How we Created Dynamic Custom Audiences on ShareChat to be Used Across Campaigns for Advertising

Tech @ ShareChat
ShareChat TechByte
Published in
8 min readJan 13, 2022

Written by Mohit Dubey

ShareChat is on a rapid growth path with 180 Mn monthly active users. Advertisers want to run their advertisement campaigns on ShareChat in order to reach these target audiences. Our aim is to show the advertisement to the most relevant audience so that the advertisers goals are met.

Problem Statement:

To create segments on a dynamic set of users based on a set of qualifications preferably a query. These segments would then need to be refreshed according to the recency requirements. These segments then can be used across campaigns as the target audience which would yield a higher conversion rate for the advertiser.

A segment for example is : A set of users who clicked on a music campaign, needs to be targeted in another music campaign with a more direct or down-the-funnel conversion communication. In this case, the segment would be created of the users who click on the music campaigns and they need to be updated daily.

Another example would be to create a segment for fitness enthusiasts. Now any campaign with a target audience related to fitness we can use this segment as their target.

Some constraint on the system

  1. The processing should be done at least once per day as in one day the size of the audience can change.
  2. The size of the audience can be anything starting from 30 million and can be upto 200 million.
  3. The processing should not take more than an hour.

Solution:

To create a solution for the above problem statement we needed to build a parallel processing system that can take input from some source, in this case, tables from BigQuery and then create/update custom dynamic segments. These segments can then be used as an audience for the campaign.

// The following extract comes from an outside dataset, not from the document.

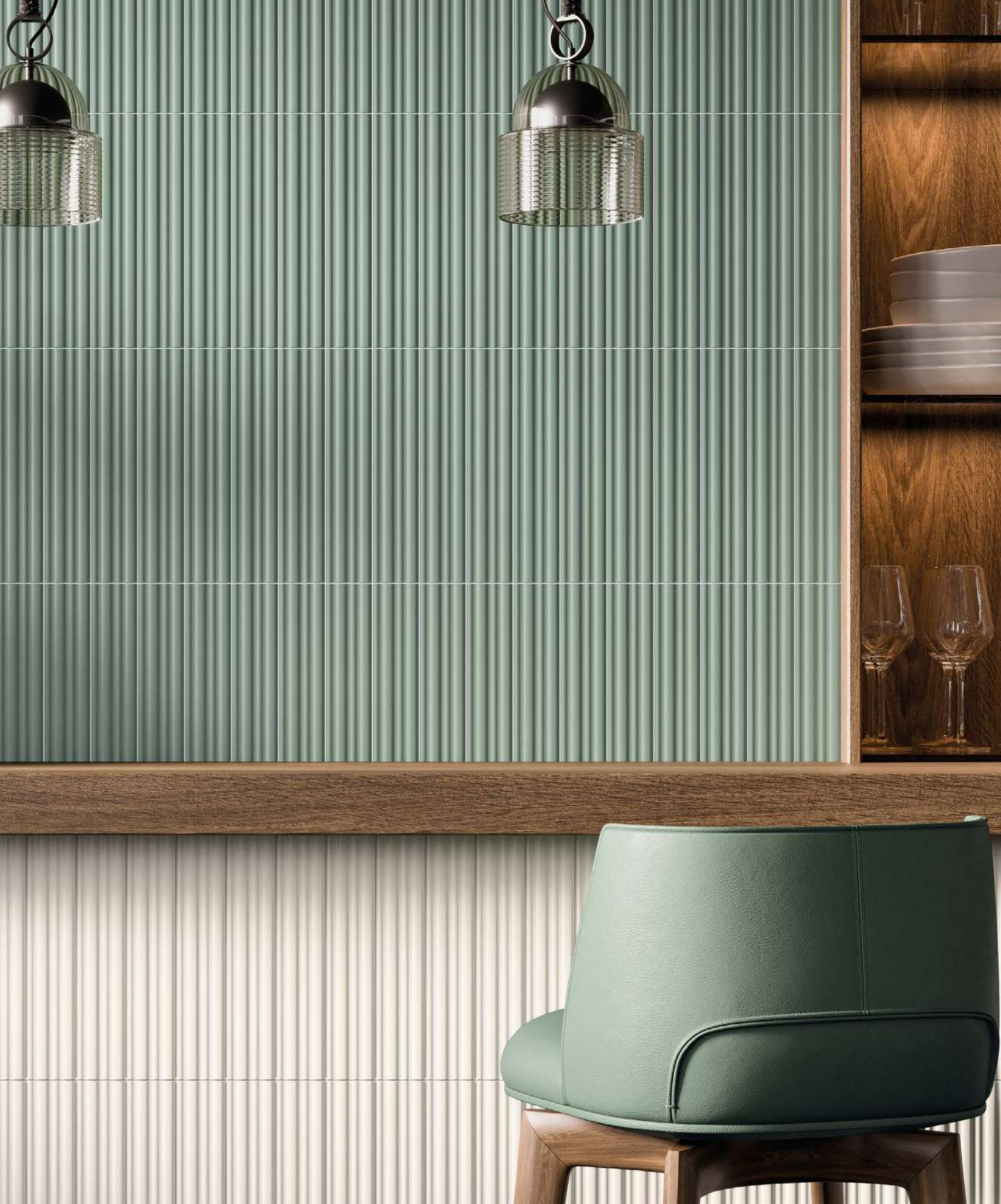
● RAINBOW GREEN/5X25 · RAINBOW WHITE/5X25

We have divided the solutions into 4 parts:

  1. Creating a custom audience data source.
  2. Creating a mapping between the custom audience data source and audience name.
  3. Processing the data from the data source parallely.
  4. Using the custom audience for targeting.

Creating a custom audience data source :

  • We have all the user interaction data stored in BigQuery so to get the audiences based on some query we created Scheduled queries.
  • These scheduled queries will run on the given time, run the given query and store the result of the query in the given destination table.
  • This destination table will now serve as the source for the data for that given custom audience.
  • For simplicity we have 1:1 relation with the custom audience and BigQuery table. So one table will only hold data for one custom audience.

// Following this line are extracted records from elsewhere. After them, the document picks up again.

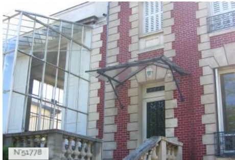
Musée Rodin de Meudon - House and park
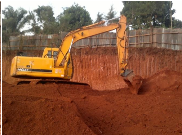
Grader and Excavator on site
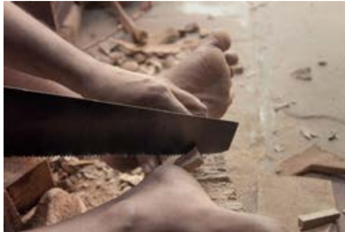
Saw toll used to cut manually.

https://www.dsource.in/resource/wooden-toys-varanasi-1/introduction

Creating a mapping between the custom audience data source and audience name:

  • In the previous step we have created tables which will store the data for custom audiences based on the queries created on a recurring basis.
  • Now we store these table names against the name of the segments.
  • These names will be shown on the UI with the size of the audience to be selected for targeting.
  • We store these details in MongoDB where one record will store the following data.
  • The processingState field will be used to identify whether the audience is under processing, halted or completed.

Processing the data from the data source in parallel:

  • As there can be multiple custom audiences at any given time we have to make a system which can process all these at once parallely.
  • We are using kubernetes for managing containerized workloads and services at ShareChat so we devised a solution using kubernetes toolset.
  • As the requirement was to do the processing once per day this became a great fit for the CronJob feature given by kubernetes.
  • A CronJob object is like one line of a crontab (cron table) file. It runs a job periodically on a given schedule, written in Cron format.
  • CronJob also supports running multiple pods at once which can be used to achieve the parallel processing of custom audiences.
  • We can define the point in time within that interval when the job should start. The pod will spin up at the given time, do its job and then be cleaned from the system. This way the cost will only be incurred for the time pod was running.
  • A Cronjob template looks like this:
  • We can use the parallelism property in the yaml file to define how many pods the pod controller will create when the cron job runs.
  • Here as we have defined parallelism as 3 and completions also as 3 the pod controller will spin up 3 pods and wait for 3 completions. If any of the pod gets evicted the pod controller will spin up another replacement pod till the time completion count matches 3.
  • To keep the system simple we have kept a 1:1 relation between the pod and the custom audience meaning one pod will only process data for one custom audience. This is done to handle edge cases gracefully and make debugging of the system easier.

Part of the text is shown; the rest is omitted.